I 1BM mine but would be interested to know if many do 2BM; when I take the sponge out of the bucket it's clean enough for me. The ONR's sposed to make the water keep hold of the particles no?


----------



## gkerr4 (Oct 27, 2005)

i don't bother with the pre-sprays either - it's just a costly waste of time - the instructions don't ask for it and the product doesn't need it - just 1oz of product in 2US gallons of water - great product and medium car (3-series estate) done in about 15 - 20mins in total!

not so easy to do the wheels - but wiping with the sponge and rinsing with a little cold water in another bucket does the job - might try the waterring can idea actually - thats a good one.


----------



## E38_ross (May 10, 2010)

Stevoraith said:


> Ross, what type of MF cloth do you use? A fancy plush one or just the cheap type?
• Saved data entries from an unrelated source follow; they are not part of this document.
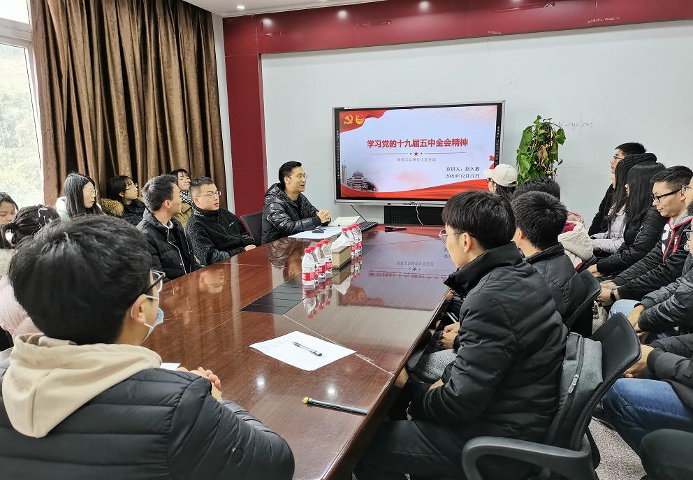 学生宣讲团成员、挑战杯创业计划赛校赛银奖获得者、环境与资源学院2019级食品科学班赵久毅在环境与资源学院宣讲党的十九届五中全会精神。他讲到,作为新时代的见证者和受益者,未来要努力学习,练好本领,争做新时代的建设者,为构建新发展格局贡献青春力量。
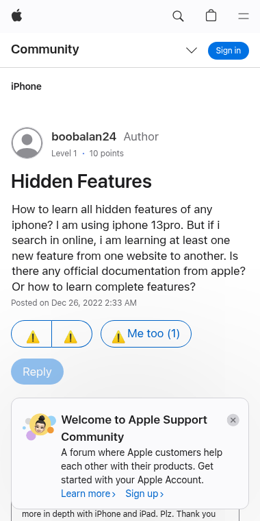 This is a page on Apple's official community forums where users help each other out with all sorts of tech problems and questions.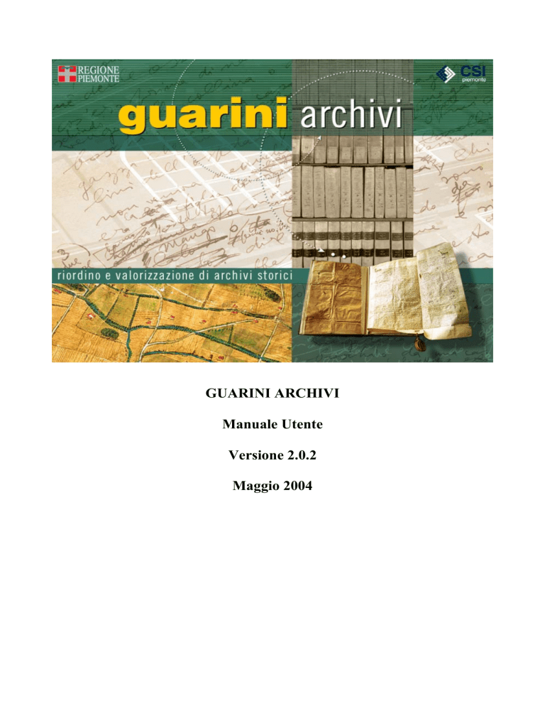 GUARINI ARCHIVI Manuale Utente Versione 2.0.2 Maggio 2004 SOMMARIO 1. INTRODUZIONE......................................................................................................................................................... 5 1.1. INTRODUZIONE ISTITUZIONALE E METODOLOGICA............................................................................ 5 2. REQUISITI TECNICI GENERALI ........................................................................................................................... 9 2.1. CONFIGURAZIONE HARDWARE....................................................................................................................... 9 2.1.1. Configurazione consigliata (minima) ............................................................................................................... 9 2.2. CONFIGURAZIONE SOFTWARE ........................................................................................................................ 9 2.3. INSTALLAZIONE GUARINI ARCHIVI ............................................................................................................... 9 2.4. DESCRIZIONE DELLA CARTELLA DI INSTALLAZIONE............................................................................. 10 2.5. ACCESSO ALLA PROCEDURA ......................................................................................................................... 10 2.6. SALVATAGGIO E RECUPERO DEI DATI ........................................................................................................ 11 2.7. GESTIONE IN RETE LOCALE............................................................................................................................ 12 2.7.1 Configurazione ................................................................................................................................................ 12 2.7.2 Operazioni preliminari .................................................................................................................................... 12 2.7.3 Avvertenze........................................................................................................................................................ 12 2.8. GESTIONE SU PIÙ PC NON IN RETE LOCALE (STAND ALONE)................................................................. 12 2.8.1. Export della base dati ..................................................................................................................................... 12 2.8.2. Import della base dati ..................................................................................................................................... 14 2.8.3. Controllo dell'Authority File Nomi ................................................................................................................. 16 3. INQUADRAMENTO GENERALE .......................................................................................................................... 18 3.1. GLI ELEMENTI DELL'APPLICATIVO .............................................................................................................. 18 3.1.1. La Scheda anagrafica degli archivi di concentrazione................................................................................... 18 3.1.2. La Struttura ad albero rovesciato e la Scheda aggregazione ......................................................................... 19 3.1.3. La Scheda dettaglio ........................................................................................................................................ 19 3.1.4. Gli Authority File collegati............................................................................................................................. 22 3.1.4.1. La scheda Nomi...........................................................................................................................................................22 3.1.4.2. La scheda Bibliografia.................................................................................................................................................23 3.2. CARATTERISTICHE GENERALI DELLE SCHEDE ......................................................................................... 24 3.2.1. Icone e abbreviazioni...................................................................................................................................... 24 3.2.1.1. Icone............................................................................................................................................................................24 3.2.1.2. Abbreviazioni ..............................................................................................................................................................25 3.2.2. Aree e paragrafi.............................................................................................................................................. 25 3.2.3. I campi delle schede........................................................................................................................................ 25 3.2.3.1. Campi controllati.........................................................................................................................................................25 3.2.3.2. Campi liberi.................................................................................................................................................................25 3.2.3.3. Campi ripetibili............................................................................................................................................................25 3.3. FUNZIONALITÀ DI INSERIMENTO E DI GESTIONE ..................................................................................... 26 3.3.1. La Barra delle icone ....................................................................................................................................... 26 3.3.1.1. Archivio.

May give that a go if I can't get on with the sponge.
> 
> Any further hints and tips would be welcomed, keep them coming :thumb:


i use these ones and found they're fine

http://www.cleanyourcar.co.uk/microfibre-cloths/ultra-fine-buffing-towels-pkg/2/prod_192.html

they're now sold as red, not pink  i do use a super plush jobby for drying though 

i think they plush ones are better for drying, rather than for their cleaning ability, at least in my personal experience. i DO bother with a pre-wash. make the water reasonably warm (not hot, as this may harm waxes/sealants etc) and spray on reasonably concentrated solution. i use one of the hand-held pressure sprayers. do the whole car then wait couple of minutes before starting on 1st panel (usually the roof!) before starting my way around the car.

it takes time, practice and frustration. just bear with it. for the most part, it'll come up well. for really stubborn marks it won't work too well, but neither will normal shampoo.
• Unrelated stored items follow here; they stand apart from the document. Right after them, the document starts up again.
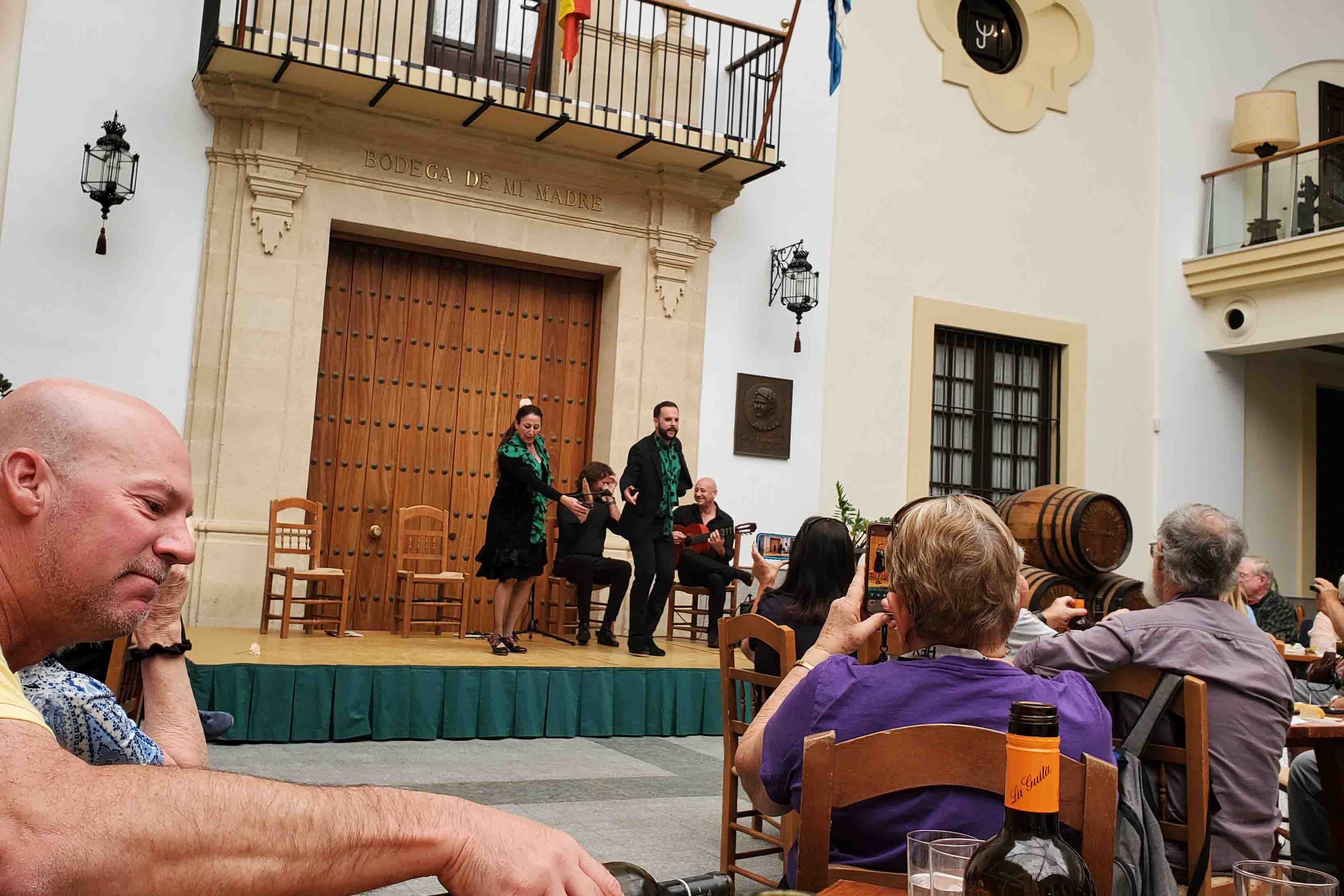Once we had received our education on the making of fortified wines, we gathered in a very large room for wine, tapas, and flamenco. What was not to like? The dancers were great, the wine flowed freely, and we missed seeing the horses on the way out because so many people were buying wine. They gave me a free bottle and I added two to it. I’ll be serving them at our farewell dinner.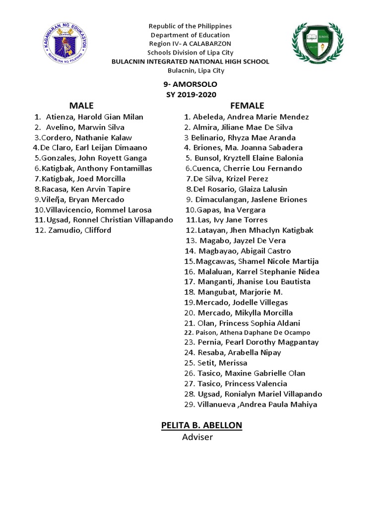 1. Atienza, Harold Gian Milan 1. Abeleda, Andrea Marie Mendez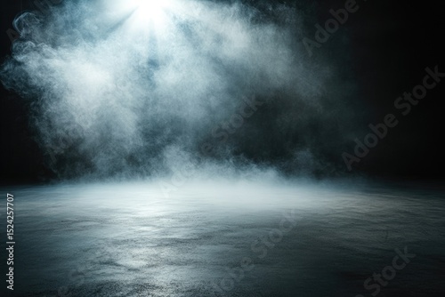 A bright spotlight illuminates a dark, smoky, textured floor, creating a dramatic, atmospheric scene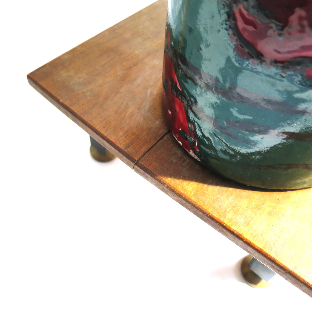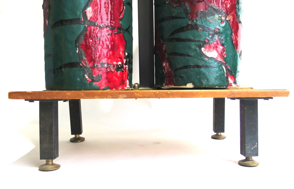 PORTA OMBRELLI in terra cotta smaltata a motivi informali base legno ferro e ottone manifattura italiana design anni 50 cm 71 x 36 x 24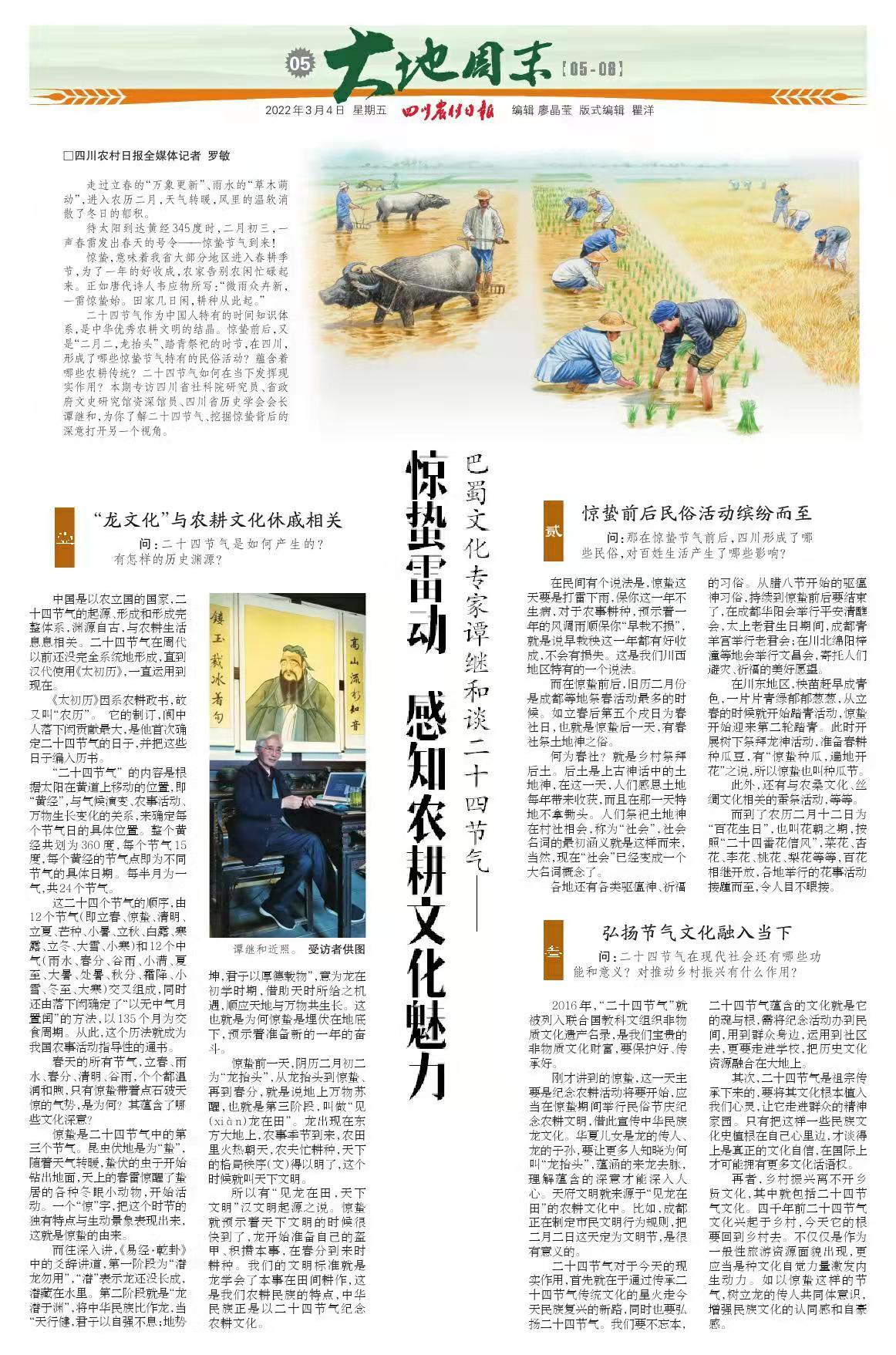 刚才讲到的惊蛰,这一天主要是纪念农耕活动将要开始,应当在惊蛰期间举行民俗节庆纪念农耕文明,借此宣传中华民族龙文化。华夏儿女是龙的传人、龙的子孙,要让更多人知晓为何叫“龙抬头”,蕴涵的来龙去脉,理解蕴含的深意才能深入人心。天府文明就来源于“见龙在田”的农耕文化中。比如,成都正在制定市民文明行为规则,把二月二日这天定为文明节,是很有意义的。

remember, it'll kill normal beading/sheeting as it leaves a layer behind. your wax/sealant will still be underneath though.


----------



## Lowiepete (Mar 29, 2009)

gkerr4 said:


> i don't bother with the pre-sprays either - it's just a costly waste of time


Sorry, but that advice is just plain wrong. Just taking your own point, name 
any car shampoo that in essence describes a 2 bucket method for washing 
on its instructions. Several well-respected people here have advocated the 
pre-spray, and with very good reason.

From my experience with every Optimum product I have tried the whole ethos
behind their existence is to make the product do the work. OCW and OOS are 
two good examples of this, with the latter being so easy to apply it makes you
wonder why you'd bother with anything else.

ONR is not an exception to this. As a person with very limited motor function,
the _fact_ that ONR does most of the the work, provided that you let it, has 
been a tremendous boon for me. When I first tried it around 2 years ago, I 
tried all sorts of experiments and it wasn't long before the spray - dwell - 
wipe maxim became my mantra. Far from the pre-spray being either a waste
or indeed expensive, it will do away with over 60% of the effort and will
entirely eliminate the need for any rubbing.
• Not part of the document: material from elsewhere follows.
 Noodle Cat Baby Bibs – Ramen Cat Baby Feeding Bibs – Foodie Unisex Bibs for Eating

All the advice that I've offered on here has been an extension of that given
by people with far more experience than I. It would not occur to me to write
off their advice with such a cavalier and frankly very risky approach.

Regards,
Steve


----------



## umi000 (Jan 14, 2011)

Just noticed you used a dilution of 400:1 - the manufacturer recommended dilution is 1 oz per 2 US gallons, which comes out to 256:1.


----------



## gkerr4 (Oct 27, 2005)

fair enough steve, i'm not "writing off" anyone elses advice - cavalier or otherwise - just stating my opinion.

i think that the pre-soak is a costly waste of time. ONR used as directed is an awesome quick-washing solution. 

however...
I wouldnt necessarily want to use it on a proper 'dirty' car, i'd wash that using more regular products involving pre-soaking, washing and rinsing. but on a weekly wash in good weather, ONR as directed is just fine for me.


----------